How to make python regex which matches multiple patterns to same index

Question

Is it possible to get all overlapping matches, which starts from the same index, but are from different matching group?

e.g. when I look for pattern "(A)|(AB)" from "ABC" regex should return following matches:

(0,"A") and (0,"AB")

Answer 1

I get this though I can't recall where or from who

def myfindall(regex, seq):
    resultlist = []
    pos = 0
    while True:
        result = regex.search(seq, pos)
        if result is None:
            break
        resultlist.append(seq[result.start():result.end()])
        pos = result.start() + 1
    return resultlist

it returns a list of all (even overlapping) matches, with the limit of no more than one match for each index.

Answer 2

For one possibility see the answer of Evpok. The second interpretation of your question can be that you want to match all patterns at the same time from the same position. You can use a lookahead expression in this case. E.g. the regular expression

(?=(A))(?=(AB))

will give you the desired result (i.e. all places where both patterns match together with the groups).

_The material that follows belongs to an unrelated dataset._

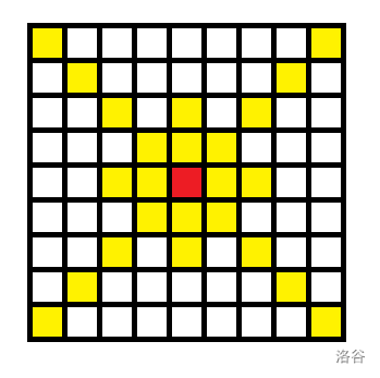 手玩一下这幅图(也可以写暴力来验证),可以得出结论:如果上车点在黄色点上,那么就一定会让国王走到上车点。

Update: With the additional clarification this can still be done with a single regex. You just have to make both groups above optional, i.e.

(?=(A))?(?=(AB))?(?:(?:A)|(?:AB))

Nevertheless I wouldn't suggest to do so. You can much more easily look for each pattern separately and later join the results.

string = "AABAABA"
result = [(g.start(), g.group()) for g in re.compile('A').finditer(string)]
result += [(g.start(), g.group()) for g in re.compile('AB').finditer(string)]